Start of Given information
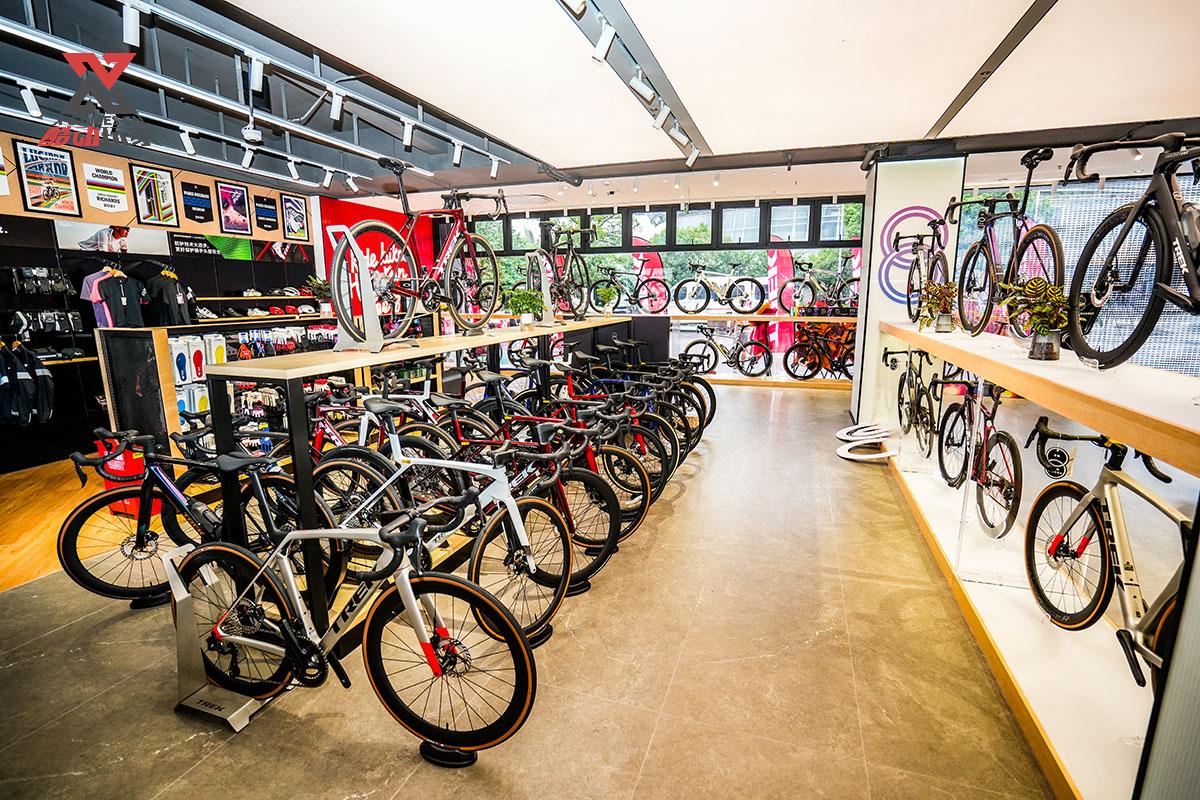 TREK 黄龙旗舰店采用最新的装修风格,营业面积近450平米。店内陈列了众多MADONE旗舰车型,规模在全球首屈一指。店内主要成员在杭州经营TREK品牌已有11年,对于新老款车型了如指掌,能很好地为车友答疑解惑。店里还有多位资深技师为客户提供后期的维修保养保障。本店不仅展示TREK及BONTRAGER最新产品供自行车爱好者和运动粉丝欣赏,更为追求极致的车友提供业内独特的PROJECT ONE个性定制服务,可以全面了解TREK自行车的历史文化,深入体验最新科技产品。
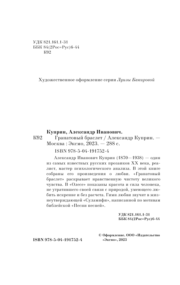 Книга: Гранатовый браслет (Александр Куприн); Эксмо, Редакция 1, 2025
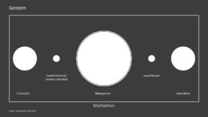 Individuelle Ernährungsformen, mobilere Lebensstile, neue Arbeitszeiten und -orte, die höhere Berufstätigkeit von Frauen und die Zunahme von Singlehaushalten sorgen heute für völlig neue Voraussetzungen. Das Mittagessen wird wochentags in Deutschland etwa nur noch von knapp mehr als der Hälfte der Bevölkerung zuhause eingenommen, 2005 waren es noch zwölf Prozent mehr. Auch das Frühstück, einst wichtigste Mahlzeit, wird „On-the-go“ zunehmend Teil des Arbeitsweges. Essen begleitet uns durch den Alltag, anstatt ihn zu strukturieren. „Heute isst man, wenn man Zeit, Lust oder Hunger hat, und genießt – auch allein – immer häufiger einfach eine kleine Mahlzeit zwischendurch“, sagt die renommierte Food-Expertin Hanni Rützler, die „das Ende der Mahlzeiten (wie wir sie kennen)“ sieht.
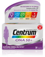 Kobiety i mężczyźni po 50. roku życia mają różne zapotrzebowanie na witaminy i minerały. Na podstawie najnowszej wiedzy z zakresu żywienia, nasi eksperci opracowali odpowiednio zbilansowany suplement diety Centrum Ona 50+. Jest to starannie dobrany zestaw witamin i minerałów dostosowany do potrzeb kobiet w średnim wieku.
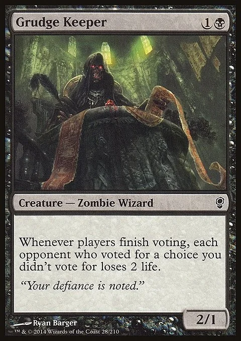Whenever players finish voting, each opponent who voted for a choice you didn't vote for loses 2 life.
End of Given information
→ Problem description
Could you write out the records again exactly, omitting each image?

→ Answer box
 TREK 黄龙旗舰店采用最新的装修风格,营业面积近450平米。店内陈列了众多MADONE旗舰车型,规模在全球首屈一指。店内主要成员在杭州经营TREK品牌已有11年,对于新老款车型了如指掌,能很好地为车友答疑解惑。店里还有多位资深技师为客户提供后期的维修保养保障。本店不仅展示TREK及BONTRAGER最新产品供自行车爱好者和运动粉丝欣赏,更为追求极致的车友提供业内独特的PROJECT ONE个性定制服务,可以全面了解TREK自行车的历史文化,深入体验最新科技产品。
 Книга: Гранатовый браслет (Александр Куприн); Эксмо, Редакция 1, 2025
 Individuelle Ernährungsformen, mobilere Lebensstile, neue Arbeitszeiten und -orte, die höhere Berufstätigkeit von Frauen und die Zunahme von Singlehaushalten sorgen heute für völlig neue Voraussetzungen. Das Mittagessen wird wochentags in Deutschland etwa nur noch von knapp mehr als der Hälfte der Bevölkerung zuhause eingenommen, 2005 waren es noch zwölf Prozent mehr. Auch das Frühstück, einst wichtigste Mahlzeit, wird „On-the-go“ zunehmend Teil des Arbeitsweges. Essen begleitet uns durch den Alltag, anstatt ihn zu strukturieren. „Heute isst man, wenn man Zeit, Lust oder Hunger hat, und genießt – auch allein – immer häufiger einfach eine kleine Mahlzeit zwischendurch“, sagt die renommierte Food-Expertin Hanni Rützler, die „das Ende der Mahlzeiten (wie wir sie kennen)“ sieht.
 Kobiety i mężczyźni po 50. roku życia mają różne zapotrzebowanie na witaminy i minerały. Na podstawie najnowszej wiedzy z zakresu żywienia, nasi eksperci opracowali odpowiednio zbilansowany suplement diety Centrum Ona 50+. Jest to starannie dobrany zestaw witamin i minerałów dostosowany do potrzeb kobiet w średnim wieku.
Whenever players finish voting, each opponent who voted for a choice you didn't vote for loses 2 life.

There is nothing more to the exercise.